- _Data supplied_
***

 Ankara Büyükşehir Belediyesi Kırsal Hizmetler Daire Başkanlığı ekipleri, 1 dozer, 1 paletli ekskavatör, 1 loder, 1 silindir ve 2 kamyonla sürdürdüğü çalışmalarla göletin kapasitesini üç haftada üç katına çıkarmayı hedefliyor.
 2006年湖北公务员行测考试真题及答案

***

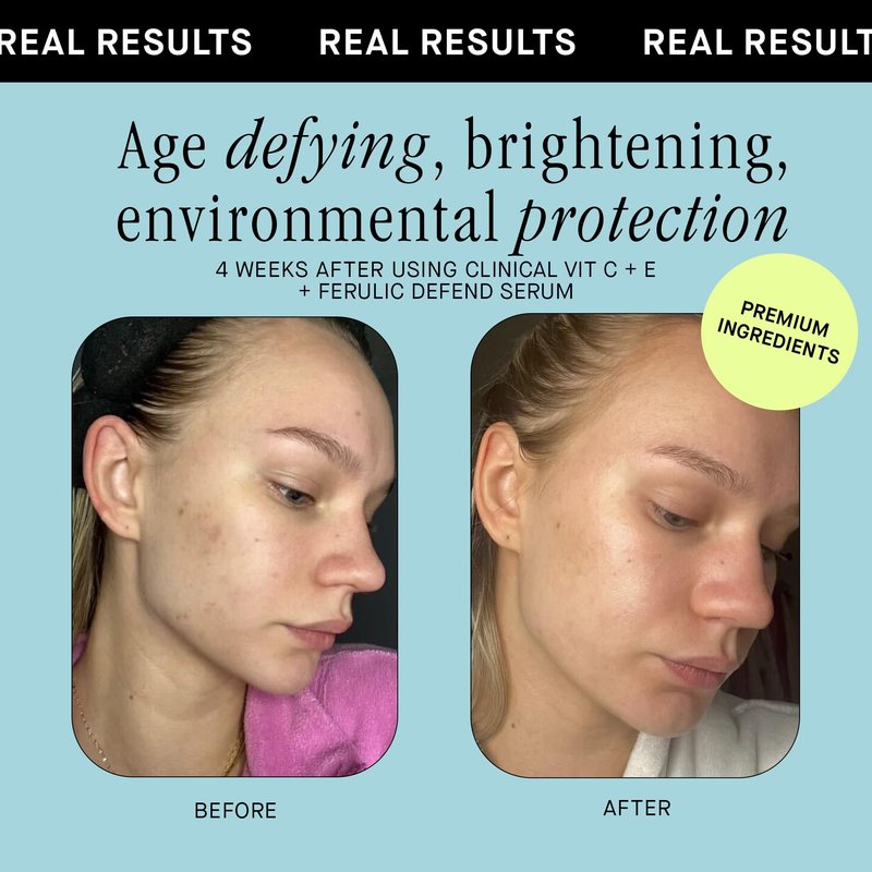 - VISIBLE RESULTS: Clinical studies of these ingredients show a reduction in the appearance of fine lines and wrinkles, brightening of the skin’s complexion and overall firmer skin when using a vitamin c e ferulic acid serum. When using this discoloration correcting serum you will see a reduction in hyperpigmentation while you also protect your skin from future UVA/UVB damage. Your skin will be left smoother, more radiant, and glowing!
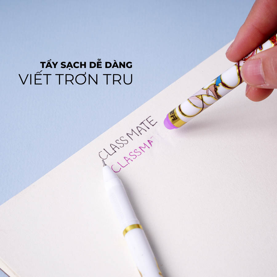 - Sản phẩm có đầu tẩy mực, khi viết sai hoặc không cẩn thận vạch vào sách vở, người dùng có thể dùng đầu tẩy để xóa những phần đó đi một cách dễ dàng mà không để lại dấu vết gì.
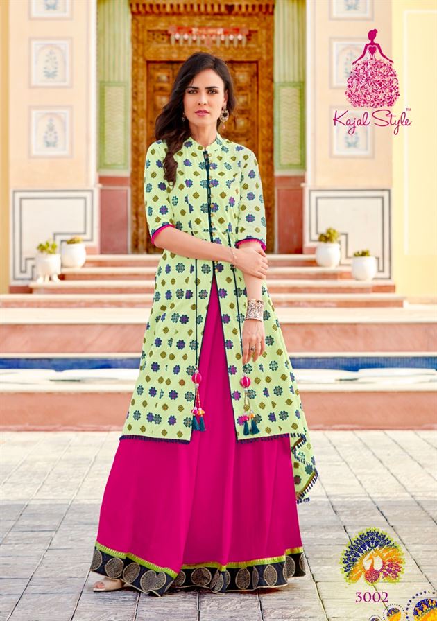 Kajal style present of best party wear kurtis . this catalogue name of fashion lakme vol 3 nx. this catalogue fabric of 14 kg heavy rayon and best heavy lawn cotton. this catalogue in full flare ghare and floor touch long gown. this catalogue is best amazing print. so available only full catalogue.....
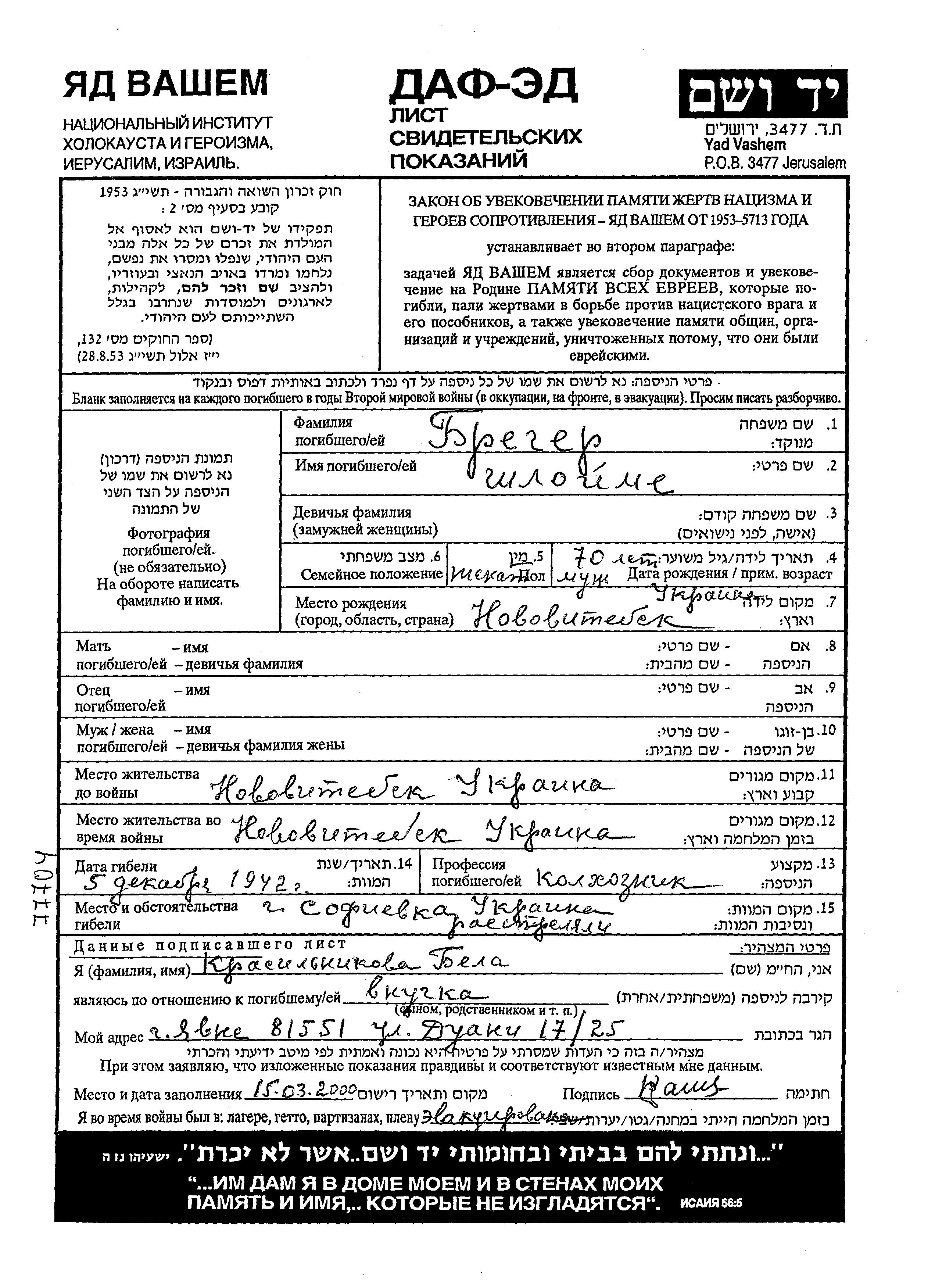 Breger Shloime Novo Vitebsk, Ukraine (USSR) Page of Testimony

***

- _Exercise description_
Using the material above, transcribe exactly the lines from the line with "Ankara Büyükşehir Belediyesi" to the line with "2006年湖北公务员行测考试真题及答案"; both count, and nothing else goes in.

- _Answer box_
 Ankara Büyükşehir Belediyesi Kırsal Hizmetler Daire Başkanlığı ekipleri, 1 dozer, 1 paletli ekskavatör, 1 loder, 1 silindir ve 2 kamyonla sürdürdüğü çalışmalarla göletin kapasitesini üç haftada üç katına çıkarmayı hedefliyor.
 2006年湖北公务员行测考试真题及答案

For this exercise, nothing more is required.